Brief Summary
The primary aim of this randomized phase III trial was to study whether the addition of maintenance chemotherapy delivered after surgical resection and focal radiation would be better than surgery and focal radiation alone. The trial also studied if patients who received induction chemotherapy and then either achieved a complete response or went on to have a complete resection would also benefit from maintenance chemotherapy. Children ages 1-21 years with newly diagnosed intracranial ependymoma were included. There were 2 arms that were not randomized. One arm studied patients with Grade II tumors located in the supratentorial compartment that were completely resected. One arm studied patients with residual tumor and those patients all received maintenance chemotherapy after focal radiation. Chemotherapy drugs, such as vincristine sulfate, carboplatin, cyclophosphamide, etoposide, and cisplatin, work in different ways to stop the growth of tumor cells, either by killing the cells, by stopping them from dividing, or by stopping them from spreading. Giving more than one drug (combination chemotherapy) may kill more tumor cells. Radiation therapy uses high-energy x-rays to kill tumor cells. Specialized radiation therapy that delivers a high dose of radiation directly to the tumor may kill more tumor cells and cause less damage to normal tissue. Giving chemotherapy in combination with radiation therapy may kill more tumor cells and allow doctors to save the part of the body where the cancer started.
Brief Title
Maintenance Chemotherapy or Observation Following Induction Chemotherapy and Radiation Therapy in Treating Patients With Newly Diagnosed Ependymoma
Detailed Description
PRIMARY OBJECTIVE:
I. To determine the event free survival (EFS) and overall survival (OS) of children with completely resected ependymoma treated with post-operative conformal radiation therapy (cRT) and then randomized to receive or not receive four cycles of post radiation maintenance chemotherapy (vincristine, cisplatin, etoposide and cyclophosphamide \[VCEC\]).
EXPLORATORY OBJECTIVES:
I. To estimate the EFS and OS of children with incompletely resected ependymoma who are unable to achieve a complete response (CR) by post-operative induction chemotherapy or by second surgery who will then be non-randomly assigned to cRT followed by four cycles of maintenance chemotherapy (VCEC).
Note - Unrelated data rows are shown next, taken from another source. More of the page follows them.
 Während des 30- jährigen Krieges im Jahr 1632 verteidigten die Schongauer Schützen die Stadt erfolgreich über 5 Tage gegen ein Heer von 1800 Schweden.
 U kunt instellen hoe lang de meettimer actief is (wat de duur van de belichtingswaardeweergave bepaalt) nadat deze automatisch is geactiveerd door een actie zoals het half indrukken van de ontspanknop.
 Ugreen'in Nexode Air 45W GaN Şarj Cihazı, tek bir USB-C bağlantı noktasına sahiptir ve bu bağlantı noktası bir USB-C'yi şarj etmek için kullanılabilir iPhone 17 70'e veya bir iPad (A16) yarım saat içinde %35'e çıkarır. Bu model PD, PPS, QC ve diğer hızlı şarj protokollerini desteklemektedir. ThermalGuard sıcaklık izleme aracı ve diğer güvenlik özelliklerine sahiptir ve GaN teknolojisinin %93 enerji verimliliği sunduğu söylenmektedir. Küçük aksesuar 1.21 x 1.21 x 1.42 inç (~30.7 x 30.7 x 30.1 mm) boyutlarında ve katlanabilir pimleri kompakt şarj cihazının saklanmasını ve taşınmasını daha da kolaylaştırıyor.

II. To further evaluate the EFS and OS of children with supratentorial classic ependymoma who achieve a complete resection at first or second resection OR children who achieve a CR to short course induction chemotherapy following first surgery.
III. To evaluate whether the addition of maintenance chemotherapy post-radiation therapy contributes to neurobehavioral morbidity and reduced functional outcomes over time, compared to patients treated with radiation therapy followed by observation alone.
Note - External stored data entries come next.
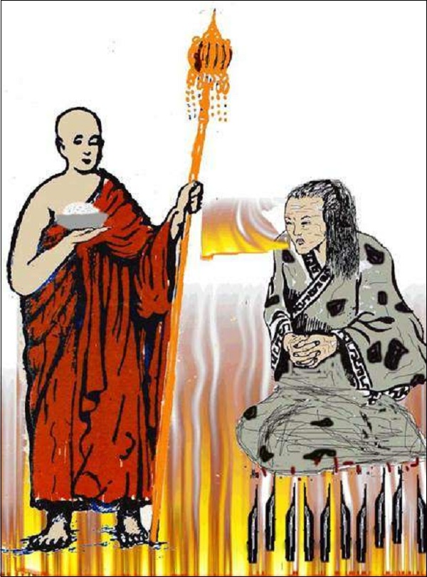 Thanh De, au Royaume des Morts, prit conscience de la souffrance après âtre devenue sensible à la faim et à la soif. Les difficultés qu’elle rencontrait l’amenaient à s’éloigner au fur et à mesure de sa nature méchante et à connaître le remords.
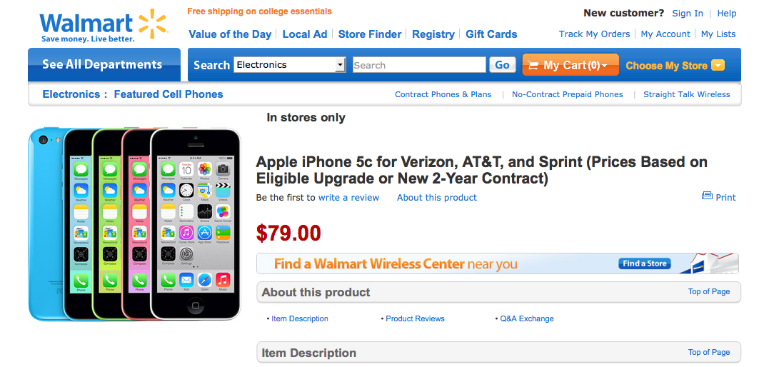 The Apple iPhone 5c will be sold at Walmart for $79 · 16GB; available in all five colors (blue, white, pink, yellow and green) · Customers can pre-order the iPhone 5c for free starting Friday, Sept. 13 by visiting the customer service desk at their local store. · Starting at 8 a.m. on Friday, Sept, 20, customers can pick up their phone at the wireless connection center OR wait just one day and trade-in their current smartphone on Saturday, Sept. 21. The trade-in value will be applied to the purchase of a new iPhone 5c with a two-year contract. · Pre-order customers must pick up their iPhone 5c by Sept. 25. · The fulfillment of pre-orders will be processed on a first come, first serve basis, which is subject to manufacturer availability and carrier launch dates.
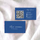 Simple white on blue logo name script hair makeup qr code with a brushed script typography add your business photo . Add your social media. With an elegant signature script font, all the colors are editable , add your logo.Move the letters to create your logo.
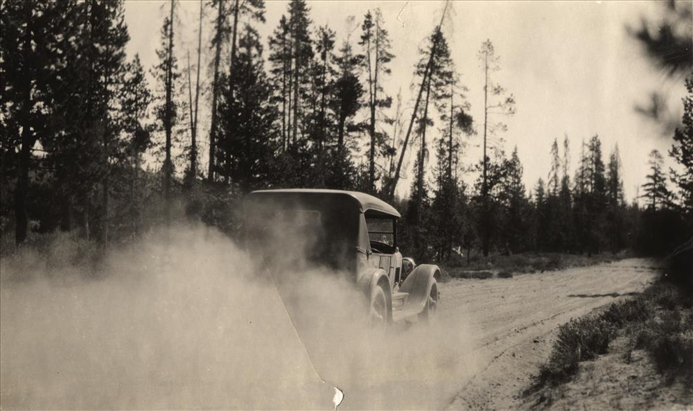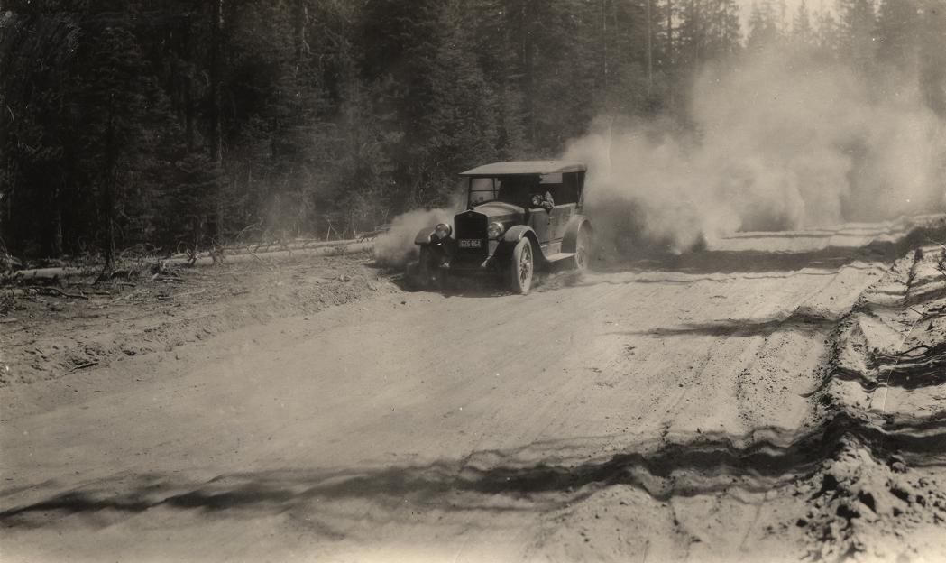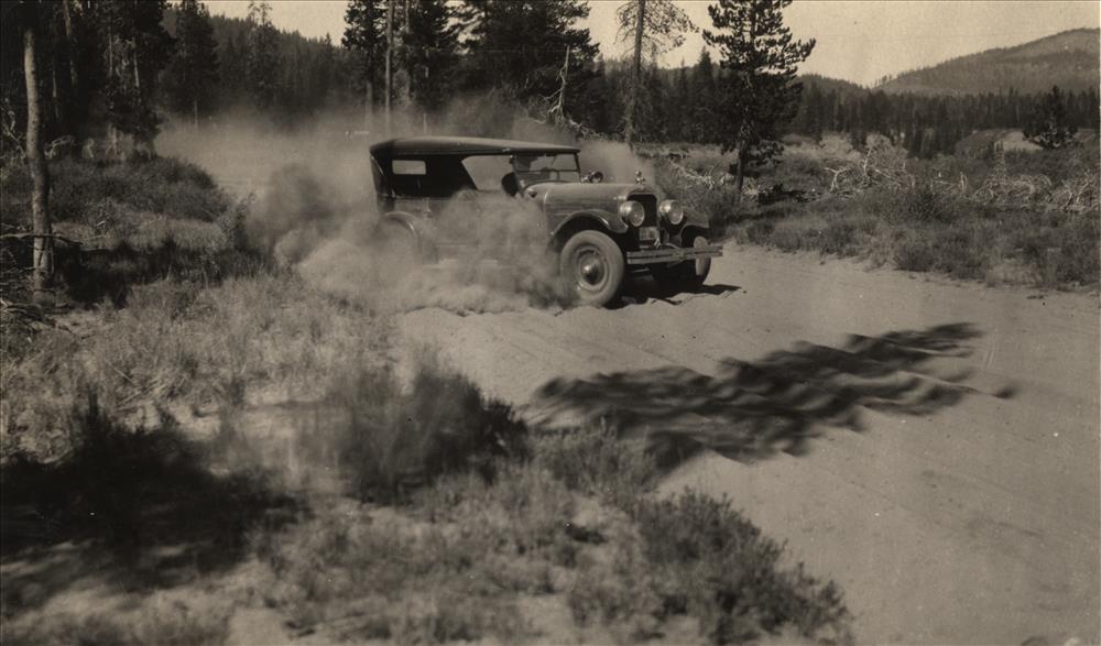 Old Flint auto in pumice dust on East Entrance Road in Crater Lake NP, 1920s

IV. To examine differences in neurobehavioral outcomes and quality of life of children treated with proton beam radiation therapy compared to children treated with conventional radiation delivery techniques.
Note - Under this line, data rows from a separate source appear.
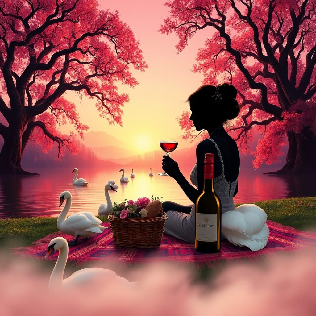 In the foreground, a serene lake scene at sunset, majestic swans glide across the lake's surface, their feathers glistening with dew. Towering trees, their leaves ablaze with hues of pink, purple, and gold, stretch towards the sky, framing the serene atmosphere with their gnarled, twisted branches. In ...
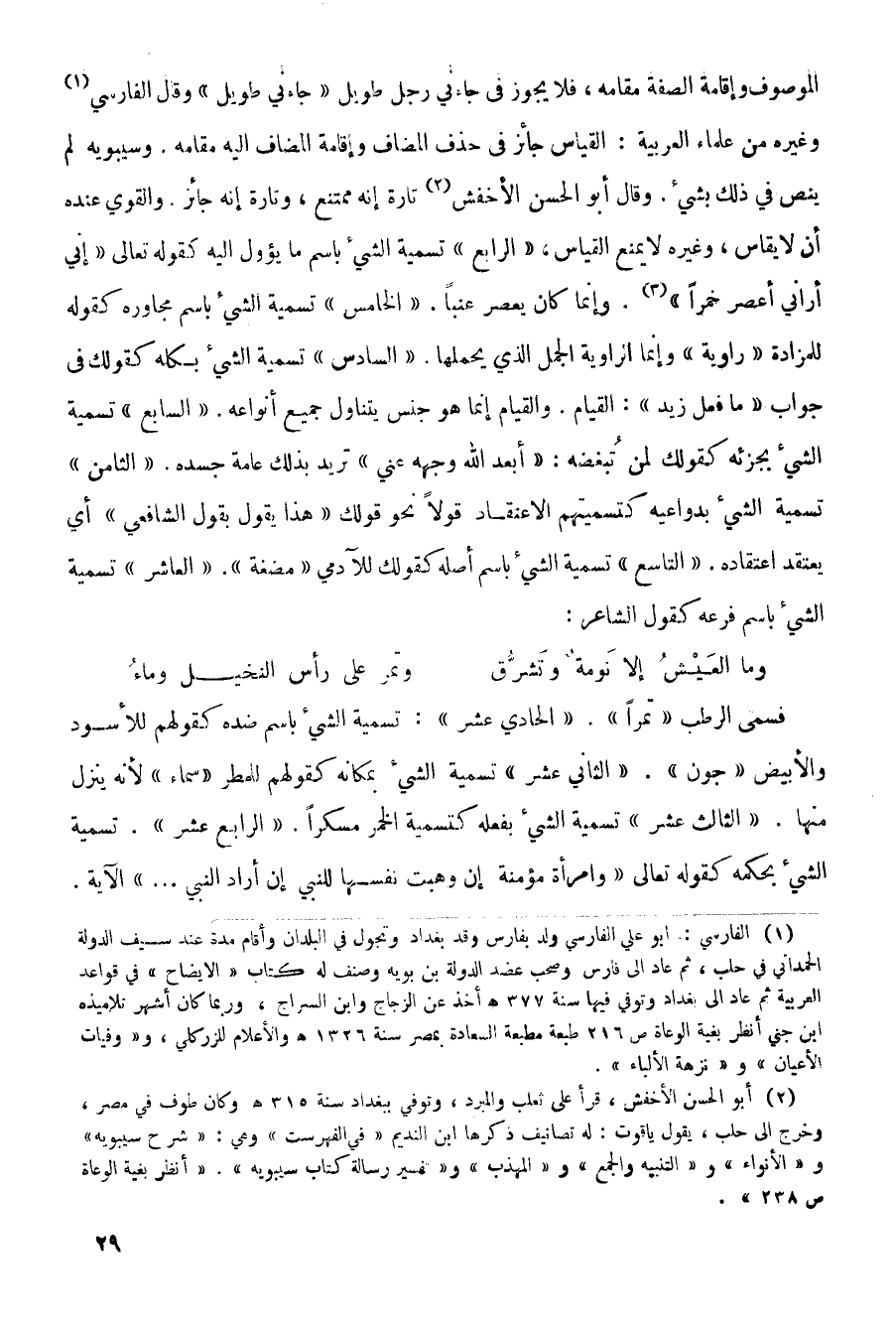 فسمى الرطب (تمراً). (الحادي عشر): تسمية الشيء باسم ضده كقولهم للأسود والأبيض (جون). (الثاني عشر) تسمية الشيء بمكانه كقولهم للمطر (سماء) لأنه ينزل منها. (الثالث عشر) تسمية الشيء بفعله كتسمية الخمر مسكراً. (الرابع عشر). تسمية الشيء بحكمه كقوله تعالى (وامرأة مؤمنة إن وهبت نفسها للنبي إن أراد النبي. . .) الآية.
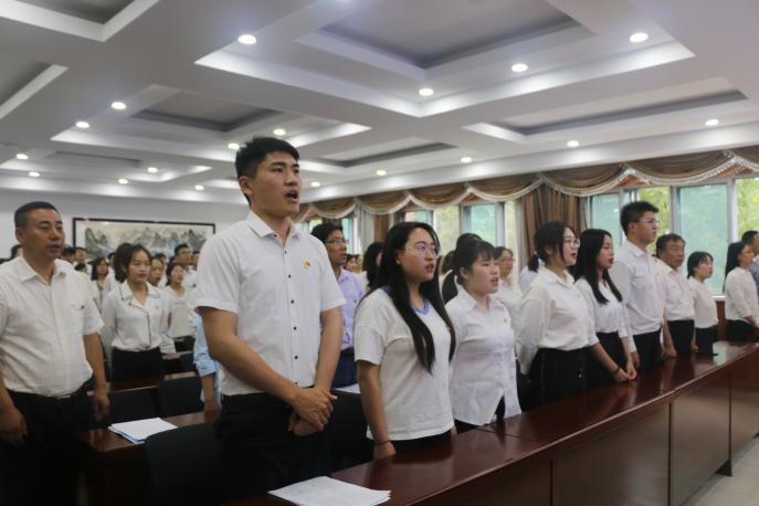 随后,全体党员及预备党员对着党旗进行了庄严的入党宣誓,重温入党誓词,并合唱了《没有共产党就没有新中国》。

V. To evaluate biologic prognostic factors in childhood ependymoma by studying molecular groups as defined by deoxyribonucleic acid (DNA) methylation profiling and immunohistochemistry, copy number variants to identify 1q gain in posterior fossa ependymomas, CDKN2A loss (homozygous deletion) in supratentorial ependymomas and specific genetic alterations such as RELA fusions, YAP1 fusions and the H3 K27M mutation on initial tumor samples and correlating these data with clinical outcome.
Va. To explore prognostic molecular signatures and genomic alterations in ependymomas by building upon the data derived from ACNS0121 to correlate biomarkers listed above with World Health Organization (WHO) grade, location, extent of resection, treatment, EFS and OS.
OUTLINE: This is a multicenter study partially randomized phase III study. Patients are randomized or non-randomly treated according to tumor location and extent of surgical resection or post-surgery induction chemotherapy response.
Arm I: Patients with classic histology(WHO Grade II) supratentorial ependymoma who have undergone microscopic gross total resection (GTR1) or achieved CR either after first or second resection or after post-operative induction chemotherapy are assigned to observation. For patients without GTR1, induction chemotherapy is comprised of vincristine intravenously (IV) over 1 minute on days 1 and 8 of cycles 1 and 2, carboplatin IV over 15-60 minutes on day 1 of cycles 1 and 2, and cyclophosphamide IV over 30-60 minutes on days 1-2 of cycle 1 only. Patients also receive etoposide IV over 60-120 minutes on days 1-3 of cycle 2 only. Cycle 1 continues for 3 weeks and cycle 2 continues for 4 weeks in the absence of disease progression or unacceptable toxicity.
ARM II: Patients with supratentorial ependymoma (Grade II without GTR1 or Grade III) or any infratentorial ependymoma who have undergone gross or near total resection (GTR or NTR) or achieved CR either after first or second resection or after post-operative induction chemotherapy are randomized to undergo conformal radiotherapy over 6-7 weeks followed by maintenance chemotherapy. Maintenance chemotherapy comprised of vincristine IV on days 1, 8, and 15 of cycles 1-3 only, etoposide IV over 60-120 minutes on days 1-3, cisplatin IV over 1-8 hours on day 1, and cyclophosphamide IV over 30-60 minutes on days 2-3. Treatment repeats every 21 days for 4 courses in the absence of disease progression or unacceptable toxicity. Patients without GTR or NTR at enrollment require induction chemotherapy (see Arm I) and possibly second surgery before randomization.
ARM III: Patients with supratentorial ependymoma (Grade II without GTR1 or ST Grade III) or any infratentorial ependymoma (Grade II or III) who have undergone gross or near total resection or achieved CR either after first or second resection or after post-operative induction chemotherapy are randomized to undergo conformal radiotherapy over 6-7 weeks and then undergo observation. Patients without GTR or NTR at enrollment require induction chemotherapy (see Arm I) and possibly second surgery before randomization.
ARM IV: Patients with subtotal resection after induction chemotherapy (see Arm I) and second surgery are non-randomly assigned to Arm II treatment.
After completion of study therapy, patients are followed up every 4 months for 5 years, and then annually thereafter.
I. To determine the event free survival (EFS) and overall survival (OS) of children with completely resected ependymoma treated with post-operative conformal radiation therapy (cRT) and then randomized to receive or not receive four cycles of post radiation maintenance chemotherapy (vincristine, cisplatin, etoposide and cyclophosphamide \[VCEC\]).
EXPLORATORY OBJECTIVES:
I. To estimate the EFS and OS of children with incompletely resected ependymoma who are unable to achieve a complete response (CR) by post-operative induction chemotherapy or by second surgery who will then be non-randomly assigned to cRT followed by four cycles of maintenance chemotherapy (VCEC).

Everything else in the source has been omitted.